Sonneman, who earned her Master’s degree in English at Western Washington University, is the daughter of a Holocaust survivor. In Shared Sorrows, Sonneman weaves together a narrative of her father’s experiences in Nazi Germany with those of the Gypsies she interviews. For example, Ms. Sonneman uses the imagery of a spool of thread her father brought to America to illustrate this connection:
My father brought a spool of thread with him from Germany when he came to America in 1939. And another spool of thread, one in my imagination, unwinds slowly and unpredictably, sometimes fraying or tangling. It’s a thin and delicate thread that leads me to the Gypsies, to the family that I meet in Germany, the country of so many tangled memories and emotions. And as I talk to them and I listen, following the threads of their stories backwards in time to the 1930s and 40s and before, their memories start to become mine as well.(Sonneman, 2002, pp. 247, 255)
As she follows the threads, Sonneman documents the shared sorrows of Gypsies and Jews documenting their shared common historical bond. Both groups had been ostracized by European society. In many locations, discriminatory laws were passed to limit the freedoms of Gypsies and Jews. In fact, laws requiring Gypsies to register themselves with local governments were passed even before Hitler rose to power in Germany (Sonneman, 2002, p. 105).
In Shared Sorrows Sonneman presents the history of Rosa and other members of the Mettabach-Hollenreiner family who survived the Holocaust. Traveling to Germany with Reili Mettabach, a family member who had emigrated to the United States many years before, Sonneman had the opportunity to interview ten members of the extended Mettabach-Hollenreiner family. Through careful weaving of the Gypsy family’s experiences during the Holocaust with those of her own family, Sonneman creates a compelling book that captures the human reality of the Holocaust.
Shared Sorrows is an ideal book for educators who are interested in learning and teaching about the experience of Gypsies during the Holocaust as it provides a very personal account of the Nazi treatment of Gypsies during the 1930s and World War II. The book may be appropriate for high school classes as it reads at a tenth to twelfth grade level according to the Fry Readability Graph. Wolpow’s Readability Checklist corroborates this finding. (For more information see our relevance of readability measures related to Holocaust materials.) Excerpts from the book could be used to provide 8th to 10th grade students with first hand accounts of Gypsy Holocaust survivors.

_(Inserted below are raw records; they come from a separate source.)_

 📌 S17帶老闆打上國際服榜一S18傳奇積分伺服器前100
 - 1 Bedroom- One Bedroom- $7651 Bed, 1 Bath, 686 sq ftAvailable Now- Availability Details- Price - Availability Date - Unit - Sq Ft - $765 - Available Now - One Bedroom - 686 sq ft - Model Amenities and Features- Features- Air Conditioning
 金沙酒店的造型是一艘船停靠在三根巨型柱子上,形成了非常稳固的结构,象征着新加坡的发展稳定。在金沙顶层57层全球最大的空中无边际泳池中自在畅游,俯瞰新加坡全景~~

In addition to use in a history class, the text is an excellent example of oral histories and could be used in a literature class. The book would also be an ideal selection for any class focusing on tolerance education and diversity.

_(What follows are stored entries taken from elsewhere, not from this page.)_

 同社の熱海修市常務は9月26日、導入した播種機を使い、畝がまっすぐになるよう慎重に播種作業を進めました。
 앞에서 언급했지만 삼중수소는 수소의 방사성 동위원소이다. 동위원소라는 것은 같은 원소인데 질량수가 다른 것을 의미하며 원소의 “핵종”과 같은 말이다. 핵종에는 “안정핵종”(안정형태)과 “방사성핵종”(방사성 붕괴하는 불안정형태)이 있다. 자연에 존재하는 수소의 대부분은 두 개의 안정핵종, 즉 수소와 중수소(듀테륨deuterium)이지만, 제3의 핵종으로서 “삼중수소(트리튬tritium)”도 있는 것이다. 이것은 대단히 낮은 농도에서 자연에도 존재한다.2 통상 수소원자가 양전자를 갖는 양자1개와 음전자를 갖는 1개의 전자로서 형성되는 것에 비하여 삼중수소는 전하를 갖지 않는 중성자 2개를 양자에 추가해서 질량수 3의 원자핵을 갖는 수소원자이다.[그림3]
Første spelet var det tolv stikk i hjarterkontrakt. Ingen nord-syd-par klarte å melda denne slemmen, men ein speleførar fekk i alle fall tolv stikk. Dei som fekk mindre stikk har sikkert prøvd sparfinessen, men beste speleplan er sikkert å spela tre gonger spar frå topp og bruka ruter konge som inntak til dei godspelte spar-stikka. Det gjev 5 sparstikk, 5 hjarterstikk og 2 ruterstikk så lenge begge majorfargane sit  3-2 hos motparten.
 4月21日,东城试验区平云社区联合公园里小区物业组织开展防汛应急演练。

In explaining her desire to write Shared Sorrows, Sonneman writes: “The memoirs I’d read by Jewish survivors had touched me powerfully, had given me the connection to imagine their lives as my own. I wanted to understand the Gypsy experiences as well on such a personal level” (Sonneman, 2002, p. 25). Sonneman does capture the personal experiences of the people she interviews and provides readers with a vivid account of the Mettabach-Hollenreiner family’s experience during the Holocaust and how their lives have since been affected. After completing the book, the reader is better able to understand the complex emotions voiced by the survivors; from the angst of Mano to the fear that Hugo feels when he tells Sonneman: “They all say you’re doing well and all, but there’s a fear there-- you never get rid of it” (Sonneman, 2002, p. 139).